Could you transcribe every record below exactly as written, leaving out any pictures?
=== Provided material ===
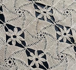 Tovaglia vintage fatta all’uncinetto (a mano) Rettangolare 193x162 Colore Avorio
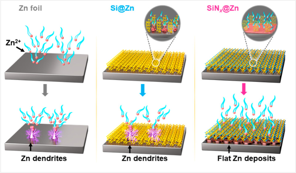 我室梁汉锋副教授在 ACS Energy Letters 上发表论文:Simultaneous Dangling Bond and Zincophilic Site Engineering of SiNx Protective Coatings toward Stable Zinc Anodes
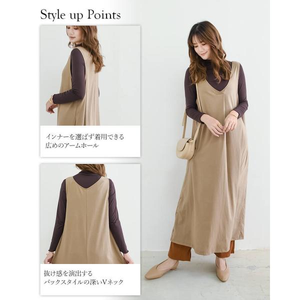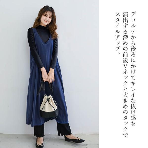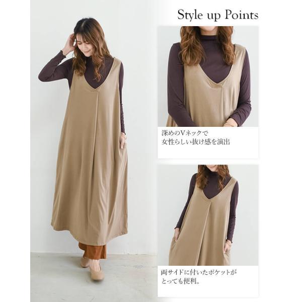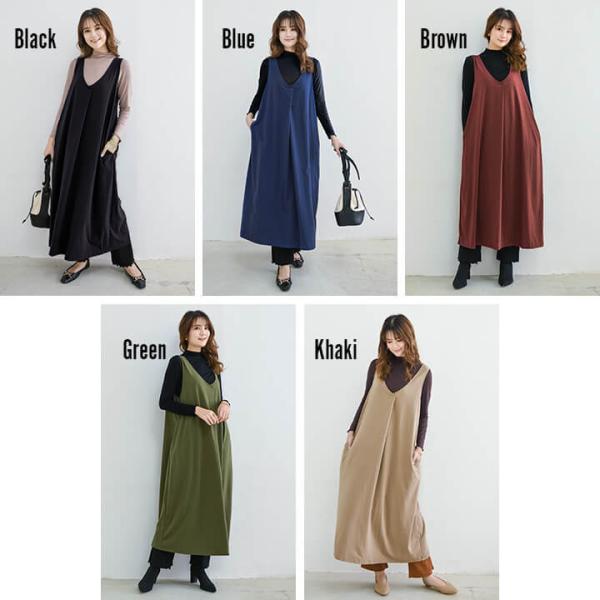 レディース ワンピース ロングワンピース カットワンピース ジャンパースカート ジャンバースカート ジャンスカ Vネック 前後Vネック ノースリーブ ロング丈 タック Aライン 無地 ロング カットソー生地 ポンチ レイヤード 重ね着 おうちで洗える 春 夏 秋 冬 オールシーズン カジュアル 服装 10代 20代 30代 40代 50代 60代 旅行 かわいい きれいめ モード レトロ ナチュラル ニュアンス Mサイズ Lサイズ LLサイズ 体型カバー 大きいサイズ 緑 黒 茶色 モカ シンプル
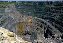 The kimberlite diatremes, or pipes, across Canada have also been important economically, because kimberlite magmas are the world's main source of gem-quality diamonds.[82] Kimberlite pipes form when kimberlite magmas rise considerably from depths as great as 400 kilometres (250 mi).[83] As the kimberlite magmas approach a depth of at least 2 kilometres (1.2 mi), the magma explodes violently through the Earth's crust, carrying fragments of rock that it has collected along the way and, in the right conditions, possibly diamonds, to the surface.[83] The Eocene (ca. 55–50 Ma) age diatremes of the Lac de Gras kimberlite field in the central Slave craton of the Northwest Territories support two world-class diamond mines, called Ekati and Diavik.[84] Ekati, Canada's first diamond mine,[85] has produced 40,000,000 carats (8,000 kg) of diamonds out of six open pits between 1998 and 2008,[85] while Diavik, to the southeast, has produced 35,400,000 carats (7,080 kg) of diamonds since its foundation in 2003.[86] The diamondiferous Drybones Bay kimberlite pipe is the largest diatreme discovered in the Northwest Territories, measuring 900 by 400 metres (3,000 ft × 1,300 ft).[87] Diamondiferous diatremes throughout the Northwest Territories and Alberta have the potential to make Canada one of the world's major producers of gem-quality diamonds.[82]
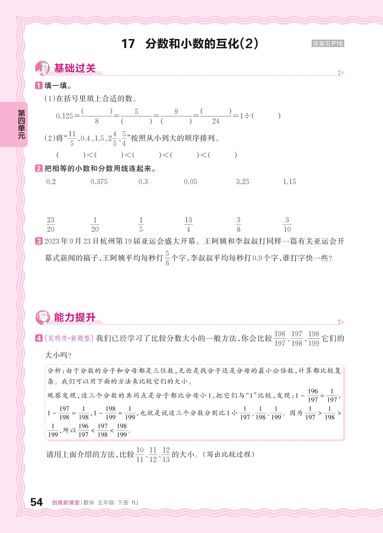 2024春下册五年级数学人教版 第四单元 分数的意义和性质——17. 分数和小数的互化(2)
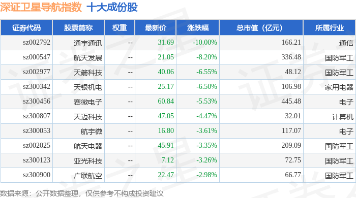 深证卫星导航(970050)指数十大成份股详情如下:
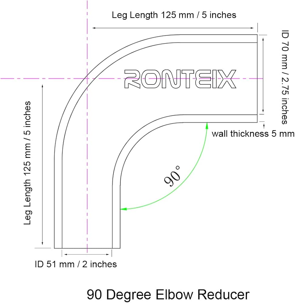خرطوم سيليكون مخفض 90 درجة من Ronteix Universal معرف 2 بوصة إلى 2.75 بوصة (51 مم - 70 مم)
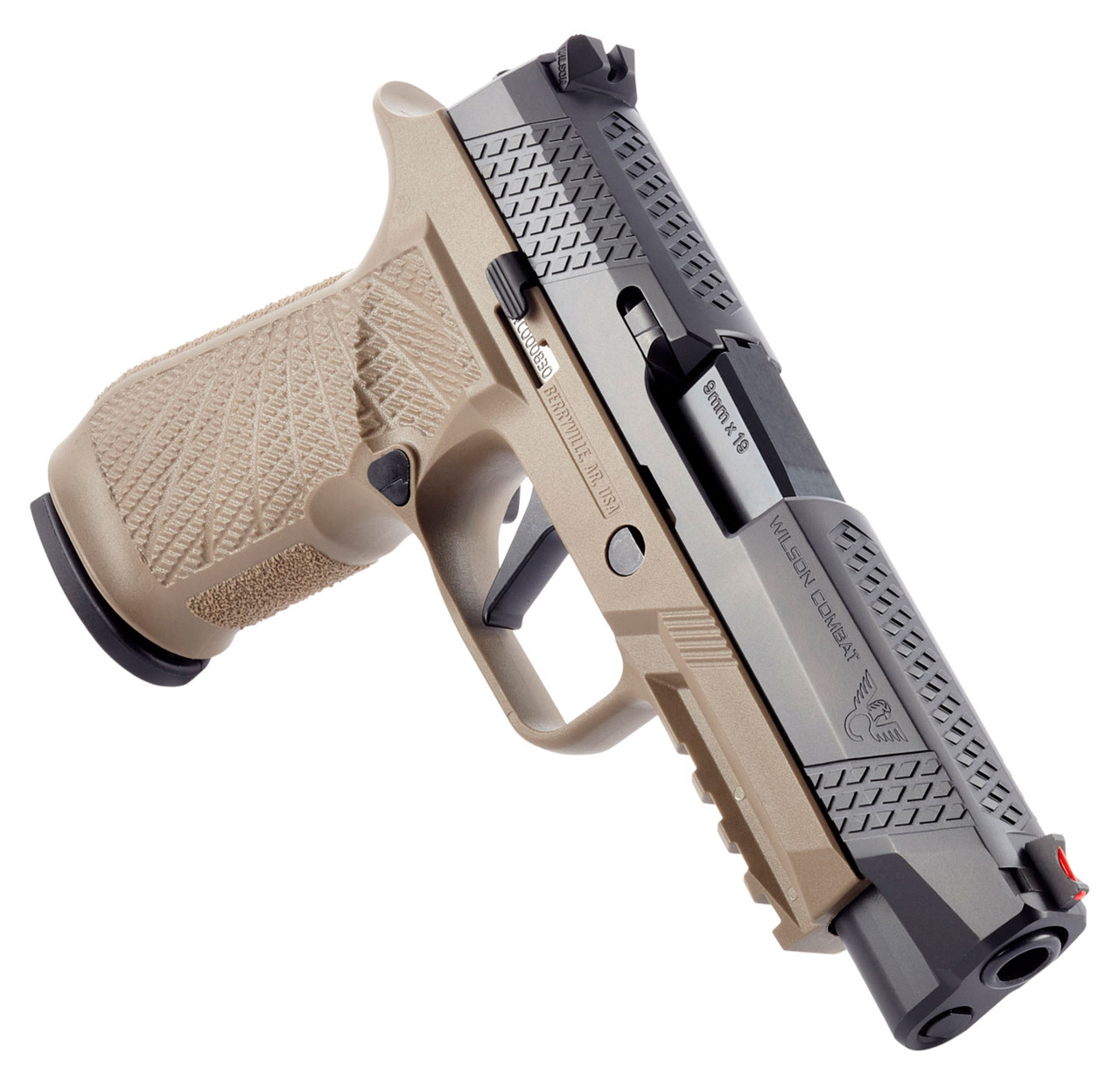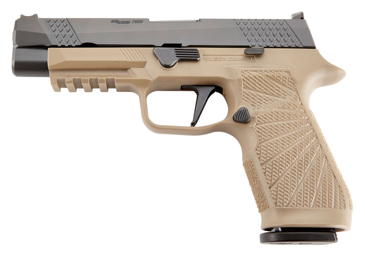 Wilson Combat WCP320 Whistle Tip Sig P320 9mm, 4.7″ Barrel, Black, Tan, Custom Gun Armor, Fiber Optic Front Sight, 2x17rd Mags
===
:: Result of the exercise ::
 Tovaglia vintage fatta all’uncinetto (a mano) Rettangolare 193x162 Colore Avorio
 我室梁汉锋副教授在 ACS Energy Letters 上发表论文:Simultaneous Dangling Bond and Zincophilic Site Engineering of SiNx Protective Coatings toward Stable Zinc Anodes
 レディース ワンピース ロングワンピース カットワンピース ジャンパースカート ジャンバースカート ジャンスカ Vネック 前後Vネック ノースリーブ ロング丈 タック Aライン 無地 ロング カットソー生地 ポンチ レイヤード 重ね着 おうちで洗える 春 夏 秋 冬 オールシーズン カジュアル 服装 10代 20代 30代 40代 50代 60代 旅行 かわいい きれいめ モード レトロ ナチュラル ニュアンス Mサイズ Lサイズ LLサイズ 体型カバー 大きいサイズ 緑 黒 茶色 モカ シンプル
 The kimberlite diatremes, or pipes, across Canada have also been important economically, because kimberlite magmas are the world's main source of gem-quality diamonds.[82] Kimberlite pipes form when kimberlite magmas rise considerably from depths as great as 400 kilometres (250 mi).[83] As the kimberlite magmas approach a depth of at least 2 kilometres (1.2 mi), the magma explodes violently through the Earth's crust, carrying fragments of rock that it has collected along the way and, in the right conditions, possibly diamonds, to the surface.[83] The Eocene (ca. 55–50 Ma) age diatremes of the Lac de Gras kimberlite field in the central Slave craton of the Northwest Territories support two world-class diamond mines, called Ekati and Diavik.[84] Ekati, Canada's first diamond mine,[85] has produced 40,000,000 carats (8,000 kg) of diamonds out of six open pits between 1998 and 2008,[85] while Diavik, to the southeast, has produced 35,400,000 carats (7,080 kg) of diamonds since its foundation in 2003.[86] The diamondiferous Drybones Bay kimberlite pipe is the largest diatreme discovered in the Northwest Territories, measuring 900 by 400 metres (3,000 ft × 1,300 ft).[87] Diamondiferous diatremes throughout the Northwest Territories and Alberta have the potential to make Canada one of the world's major producers of gem-quality diamonds.[82]
 2024春下册五年级数学人教版 第四单元 分数的意义和性质——17. 分数和小数的互化(2)
 深证卫星导航(970050)指数十大成份股详情如下:
خرطوم سيليكون مخفض 90 درجة من Ronteix Universal معرف 2 بوصة إلى 2.75 بوصة (51 مم - 70 مم)
 Wilson Combat WCP320 Whistle Tip Sig P320 9mm, 4.7″ Barrel, Black, Tan, Custom Gun Armor, Fiber Optic Front Sight, 2x17rd Mags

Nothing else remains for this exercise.